She smiled wanly. “At least now you’re being honest. There isn’t too much to report. Yes, the Faller recognized the artifact, immediately. He recognized the holo I programmed, too, which suggests to me that they’ve discovered how to use the directed-beam destabilizer at setting prime one. That was as far as I got. I’d planned on programming a holo to demonstrate the spherical wave-effect destabilizer, too, to see if he recognized that. But you came in before I got to it.”

“Was there anything in his nonverbal or sign language that told you anything more than that he recognized it?”

“Yes. He was disturbed that we knew about it, or had it. Very disturbed.”

“What else?”

“Nothing else. I didn’t have time.”

Her nearness was beginning to disturb Kaufman. She looked at him so levelly, without bitterness, seeming to understand his position as well as her own … There was no other woman like her. Her scent came to him, distinctively Marbet.

She smiled, and he knew she knew his thoughts. To his intense annoyance, he felt the blood rise in his cheeks.

She said, “It’s all right, Lyle. I like you, too. If things were different…”

Was it another manipulation? No, not now. Or maybe he just wanted to believe that. He said stiffly, “Anything else?”

“Just one thing. But it’s important. You have to convince Grafton to let me talk again to the Faller.”

“That’s not possible, Marbet. Can’t happen.”

“It has to. The Faller was
very
disturbed that we have this artifact, Lyle.”

“You’d expect that, wouldn’t you?”

“Yes. But as far as I can estimate, his disturbance went beyond his discovering our new strategic advantage. He was trying to hide something, Lyle. Something important, that we might need to know about the artifact.”

“Could you tell what?”

“Not a clue. But I’m positive I’m right. You shouldn’t have had me arrested so quickly. You should have listened to me first, and weighed all the alternatives, and made your usual careful decisions. But you didn’t. You went off half-cocked because your personal feelings for me overwhelmed you with disappointment that I did what I did. It was a mistake, Lyle. And if what you say about Grafton is true, I don’t see how you’re going to rectify it.”

*   *   *

On his way back to the observation deck, Kaufman stopped at the secret cell where the other prisoner was being held. In the corridor Grafton’s MPs stood guard. Inside the anteroom, Kaufman saw on the viewscreen that the Faller’s free hand had again been manacled.

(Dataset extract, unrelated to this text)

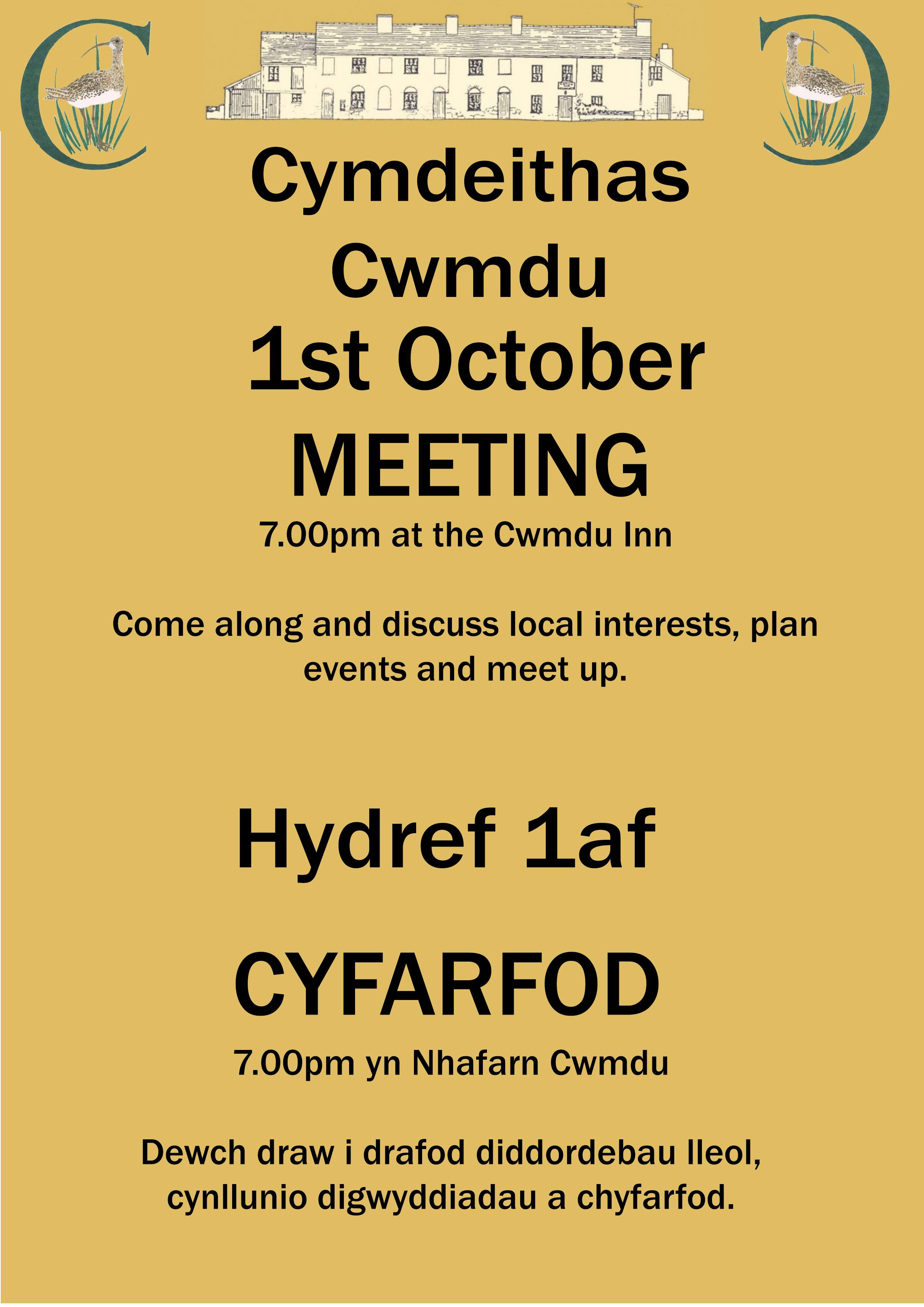 260806-Cymdeithas Cymdeithas Cwmdu Meeting Usually the 1st Thursday of the month, . Discuss local issues, plan events and meet your friends.

He asked the computer for a five-minute summary of the Faller’s behavior since Marbet’s arrest. The program didn’t need five minutes. It told him that the Faller had done nothing unusual: feed, sleep, stare straight ahead. Analysis of real-time recordings had revealed to the computer no significant body movements or changes of expression.

But, then, the computer wasn’t Marbet Grant.

TWENTY-ONE

GOFKIT JEMLOE

E
nli sat with Calin in her room in the Voratur household. The door and window tapestries, fully unfurled, shut out the sunshine, and so Enli had lit a lamp. Throughout the household most tapestries were unfurled; people huddled in small groups, as though the loss of shared reality were somehow easier if fewer people were around.

Calin said, “Tell me again, Enli.” She had washed away the blood from his fight with Justafar and bandaged his head and arm. Below the head bandage Calin’s honest, bewildered eyes gazed at her like a child asking why a beloved pet had died. Occasionally a cry came to them through the tapestries, an outpouring of anguish from someone whose reality had been stretched so far it had temporarily broken.

Perhaps temporarily. Perhaps not.

Enli held Calin’s hand tightly. “Once more. Then I must go to Pek Voratur to explain.”

“Once more.”

“This is what Pek Sikorski told me.” Pek Sikorski—was she still asleep in the guest court? Enli must rouse her before she went to Pek Voratur. She spoke faster to Calin.

“Our shared reality comes from something invisible in the air, as the perfume of flowers is invisible. We breathe in shared reality with the air. And like flower fragrance, the shared reality we breathe in comes from an object. Perfume comes from flowers; shared reality comes from a manufactured object that for all of history has lain in the Neury Mountains. It—”

“If it lay in the Neury Mountains, it is a gift from the First Flower.”

“Perhaps. But now the Terrans in the large flying boat have taken the manufactured object away in their smaller metal flying boat. And so shared reality no longer perfumes the air of World.”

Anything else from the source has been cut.